You ate right, bad phrasing ln my part. I should have said supported by the government, not tax revenue. The usps is tax-exempt and has a monopoly on handling letters that is worth about $45 billion per year.

A post office has to serve a certain number of customers before it will deliver, AFAIK. (I want to say it’s something like 2,000, but I’m probably just pulling that number out of my ass.) If there aren’t enough people, then all you get is a PO box.

I wish they wouldn’t dick with USPS. It’s a great service for the money. Except when I have to deal with the glacier paced lines in the actual post offices. Our processing center is slated for closing. Now when I mail a letter in Eugene it will go all the way up to Portland for sorting and then back to Eugene. Is that really more efficient?

Not in a vacuum but it is overall. I mean currently if you mail a letter someone down the street it has to go to a processing center and back.

They also save FedEx (and UPS, IIRC) a ton of money by providing “Last Mile” service for the packages that aren’t cost-efficient for those companies to deliver out to the boonies. Yes, you can order something shipped via FedEx and have a USPS letter carrier bring it to your house, if FedEx doesn’t feel like sending a truck to your place.

There’s also being required to have FedEx boxes at/outside many post office locations. So it’s not like the for-profit carriers are getting totally shafted by this arrangement, either.

One hand washes the other. Both FedEx and UPS make quite a few bucks delivering bulk mail using their own aircraft. Those big 747s and L1011s landing at major airports carry more than just FedEx and UPS packages.

And for those of you who think FedEx and UPS are the last word in efficiency…

It is not worth the cost to them to deliver letters to rural areas. They will gladly deliver in urban areas where the infrastructure is all in place, but to send a truck out to a rural address? Not cost-effcient. Know who delivers for them? The USPS. That’s right, the private carriers contract with the USPS to deliver to rural areas because the USPS is obligated to reach those customers.

The USPS is older than the country itself.

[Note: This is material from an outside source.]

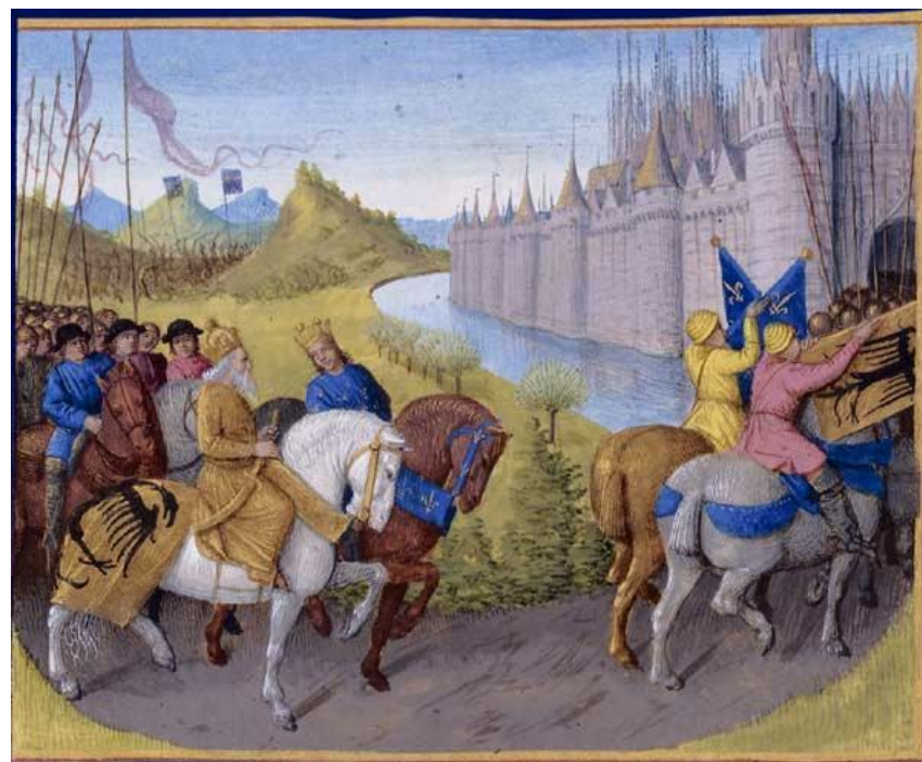
Arrivée des croisés à Constantinople.

Ben Franklin was the new govt’s first postmaster, but the institution existed when we were still 13 colonies. The current fiscal crisis, as we have discussed, is artificial and imposed in order to downsize (or eliminate) the USPS by legislators lobbied by FedEx and UPS. Destroying an institution that has successfully carried out its mandate for so long for financial gain, to me borders on treason.

If by “bad” you mean “incorrect” then I accept your retraction.

My point exactly.

You are the one who said “Nearly all of my husband’s co-workers at the USPS have a college degree.”

I want to know whether their degree has anything to do with the job they do.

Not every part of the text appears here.